Еще одну «волну вторжения» — с точки зрения шумеров — образовали «аккадские семиты», которые — скорее всего, по причине их довольно путанного, плохо продуманного брендинга (ну то есть, я что хочу сказать: с одной стороны гутии, а с другой аккадские семиты — уж я-то знаю, кому отдала бы предпочтение моя фокус-группа!) — решили не искоренять завоеванную шумерскую культуру, но, скорее, усвоить ее. Гутийско-аккадский период, при всей его краткости, стал для музыки благотворным. Строились храмы, а, как говорится, где храм, там и трам-пам-пам. В данном случае, в моду почти наверняка вошли всякого рода дудки, а также трубы из бычьих рогов, выглядевшие если судить по с той эпохи, на редкость эффектно и впечатляюще. Особенно с точки зрения быков.
После этого шумеры стали основными участниками представления в жанре «Прийти, увидеть, помереть», поставленного с размахом, который еще очень долгое время оставался непревзойденным. Их покоряли, одолевали, перепокоряли, корячили, побеждали, переперепокоряли, повергали в прах и вновь покоряли многажды, — в общем, было на что посмотреть. Мне кажется, я понятно все объяснил. И раз уж я застрял в этом времени, может быть, стоит ненадолго остановиться и вывести на сцену кое-кого из вавилонских царей, и в особенности самого прославленного из них, Хаммурапи.
В голове моей часто и в обстоятельствах самых разных мелькали две мысли — думаю, мне стоит поделиться с вами обеими. Обе относятся к «потусторонности». Понимаете, я нередко думал о том, что, если бы такое место и вправду существовало, то, прежде всего, оно должно было смахивать на автозаправку. Почему, не знаю: просто думал так и все тут. И представлял себе заметную издали красно-белую вывеску с миловидной, пусть и бесплотной на вид фигуркой-талисманом, немного похожей на фурию, которая ласково манит вас заехать и полюбоваться пластиковым, сильно переоцененным потусторонним интерьером. Я понимаю, что не все, вероятно, представляют себе посмертную жизнь именно так, ну и ладно, доказать мне, что я не прав, вам все равно никогда не удастся, так что можете ПОДАВАТЬ НА МЕНЯ В СУД! А вторая и, что уж тут вилять, куда более важная особенность посмертного существования, неизменно меня поражавшая, состоит в том, что, несмотря на обещанную вечность, я — хоть убейте меня после смерти — не могу понять, как мне удастся найти время, необходимое для того, чтобы обойти всех, с кем мне хочется от души помолоть языком. Что и возвращает меня к Хаммурапи.

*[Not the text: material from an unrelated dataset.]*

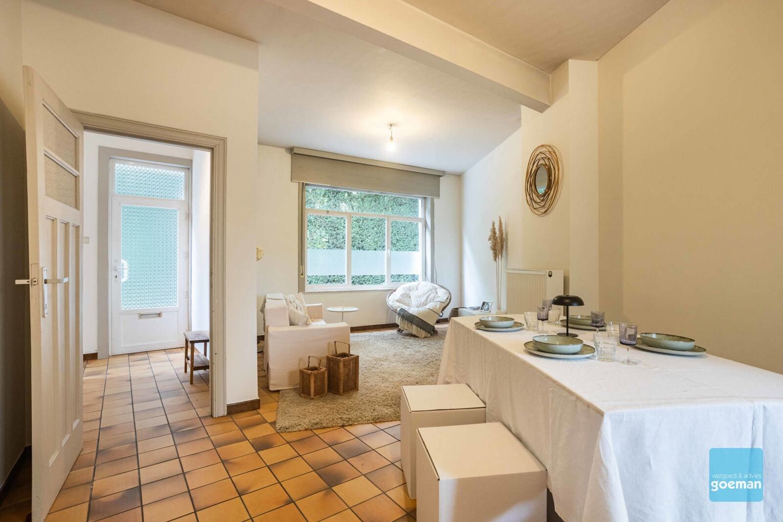 Woning met gezellig tuintje en terras, achteraan bereikbaar via een voetweg achter het perceel. Je hoeft dus nooit door de woning met fiets of vuilnis.

Помимо совершенно очевидного списка людей и вопросов, который окажется у вас на руках в какой угодно потусторонности — ну, знаете: «А-а, мистер Эйнштейн, вы позволите на минутку отвлечь вас от завтрака? Я просто хотел попросить, чтобы вы еще раз растолковали мне что это за штука такая: «Е=mc2». Вы уж простите, но как-то она до меня не доходит. Кстати, не забывайте, кофе тут дармовой, так что стесняться нечего». Так вот, помимо людей очевидных, есть еще люди не менее интересные, просто вы о них пока ничего не знаете. И, по-моему, старина Хаммурапи как раз из их числа.